So U.S. Olympic swimmer, Michael Phelps, isn't a fish and he doesn't have gills, still he's the closest were ever going to get to seeing a Merman (come on guys, Zoolander?) The most dominant Olympic athlete of the past 20 years, Phelps, is in the midst of completing one of the most grueling Olympic runs that any athlete has ever attempted (17 swims, in 9 days). The payoff? A record setting 8 Olympic Golds.
Phelps won his first Beijing gold on Saturday night, second in dramatic fashion on Sunday night, and third in dominant fashion on Monday night. I will be the first to say that I admit, I'm not a die hard "Olympics" guy. I don't anticipate the Opening Ceremonies, (which were incredible) I could care less about sports like fencing, water polo, and handball, but this year, because of Michael Phelps, I'm on board, all the way.

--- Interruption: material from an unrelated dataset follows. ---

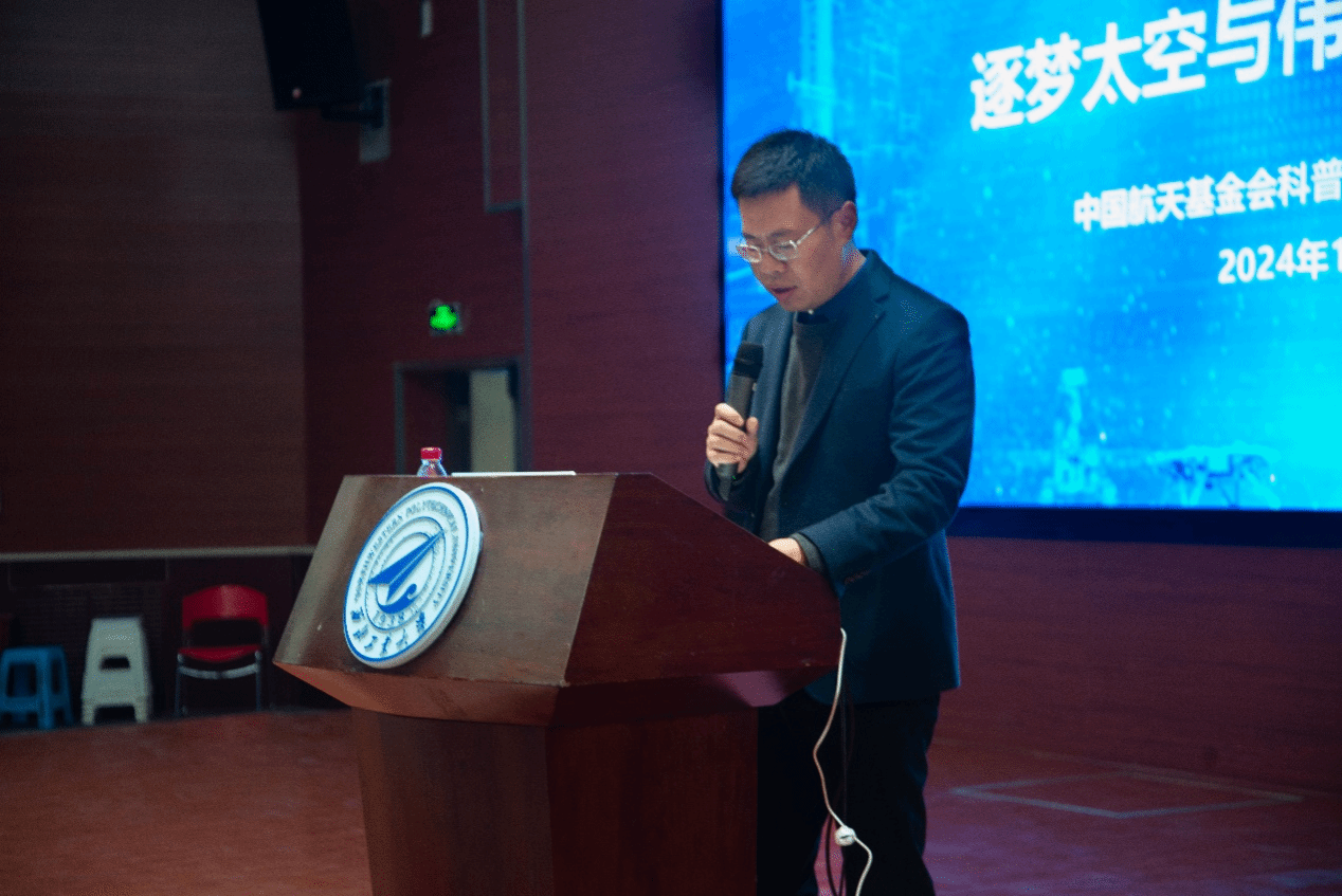 西昌卫星发射中心原党委书记孙保卫、中国科协青少年科技中心科普活动处副处长张奇、航天科工三院310所陈碧,公司党委副书记韩冬、2026世界杯官方合作网站2024级本科生辅导员高戈以及员工代表300余人参加了此次报告会。本次报告会由韩冬主持。

The Phelps story was somewhat built for Hollywood and while in Beijing it still maintains the Hollywood ending. To be a little crass, the "Frenchies," got Phelps and his teammates all fired up right before they hit the water for Phelps second bid at Beijing gold (4x100 freestyle relay) BAD MOVE! The heavily favored French team failed to beat the Americans, and in the worst way possible. A come from behind American win by just fractions of a second sent the French team home, and you thought the Celtics come from behind win to beat the Lakers at the Staples was the best we could get in 2008. Phelps, with team in toe, kissed the golds, listened to the National Anthem while the French looked on, priceless. Hey, this is as close to USA v. Russia, circa 1980, as your going to get.
The U.S. swimming phenom goes for more golds tonight, and after tying the likes of former U.S. Olympic greats like Mark Spitz and Carl Lewis, Phelps looks to swim past them. In case you haven't read each of the 30 Olympic previews put out by everything from magazines, newspapers, or online sources, Michael Phelps can achieve a record setting 8 gold medals in this Olympics. Not Tiger Woods winning the U.S. Open on one pin, the Patriots choking in the Super Bowl, or the Boston Celtics return to glory should trump this bid. As long as Phelps doesn't turn down the road of Big Brown, he'll have thirty years of sponsorships from Wheaties to Gatorade ahead of him. For the remainder of the Olympics, this is a Michael Phelps world, and your welcome to live in it.